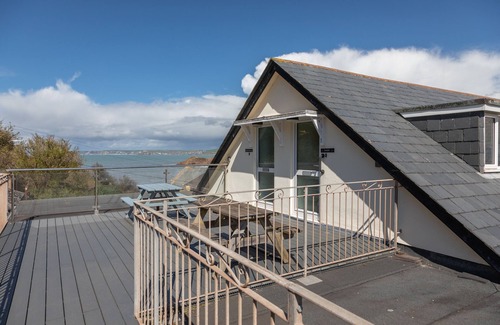 Amenities: Electric heating. Electric oven and ceramic hob, microwave, fridge/freezer, washing machine, dishwasher, radio. Smart TV, DVD player, WiFi, radio Hi-Fi in lounge. Fuel and power inc. in rent. Bed linen and towels inc. in rent. Allocated parking for 1 car. Communal rear garden with lawned area, decked terrace with furniture and barbecue, and decked terrace with furniture. One well-behaved dog welcome. Sorry, no smoking. Shop and beach 0.1 miles, pub 0.1 miles. Note: There are steps leading up to the property. Note: There are steps within the property. Note: The rear garden is not enclosed. Note: Children must be supervised on the terrace and in the communal garden. Note: Take care when the terrace is wet
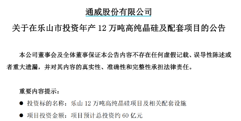 通威股份公告显示,该公司拟与乐山市政府、乐山市五通桥区政府共同签署《投资协议》,就公司在乐山市新增投资约60亿元,建设年产12万吨高纯晶硅项目及相关配套设施达成合作。
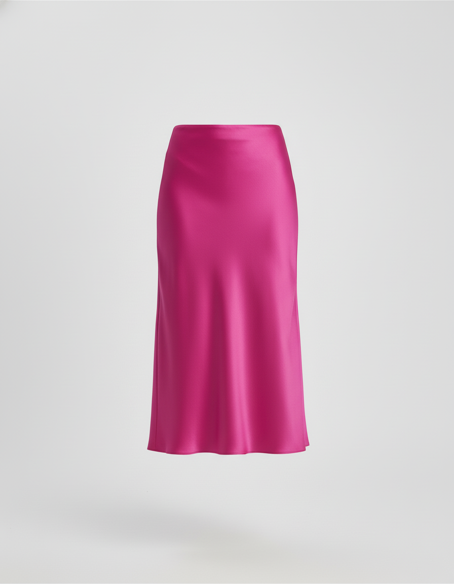 Jupe Midi Rose Fuchsia Satin Élégante : une pièce fluide et brillante
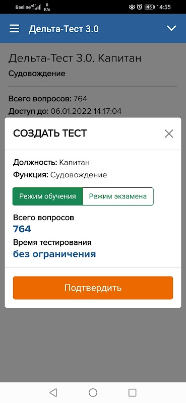 - in the exam mode, passing the test for time (imitation of the exam in the IWC in the port) or without time limit

(Exercise instructions) Quote the material in full and exactly; do not carry over its pictures.

(Solution)
 Amenities: Electric heating. Electric oven and ceramic hob, microwave, fridge/freezer, washing machine, dishwasher, radio. Smart TV, DVD player, WiFi, radio Hi-Fi in lounge. Fuel and power inc. in rent. Bed linen and towels inc. in rent. Allocated parking for 1 car. Communal rear garden with lawned area, decked terrace with furniture and barbecue, and decked terrace with furniture. One well-behaved dog welcome. Sorry, no smoking. Shop and beach 0.1 miles, pub 0.1 miles. Note: There are steps leading up to the property. Note: There are steps within the property. Note: The rear garden is not enclosed. Note: Children must be supervised on the terrace and in the communal garden. Note: Take care when the terrace is wet
 通威股份公告显示,该公司拟与乐山市政府、乐山市五通桥区政府共同签署《投资协议》,就公司在乐山市新增投资约60亿元,建设年产12万吨高纯晶硅项目及相关配套设施达成合作。
 Jupe Midi Rose Fuchsia Satin Élégante : une pièce fluide et brillante
 - in the exam mode, passing the test for time (imitation of the exam in the IWC in the port) or without time limit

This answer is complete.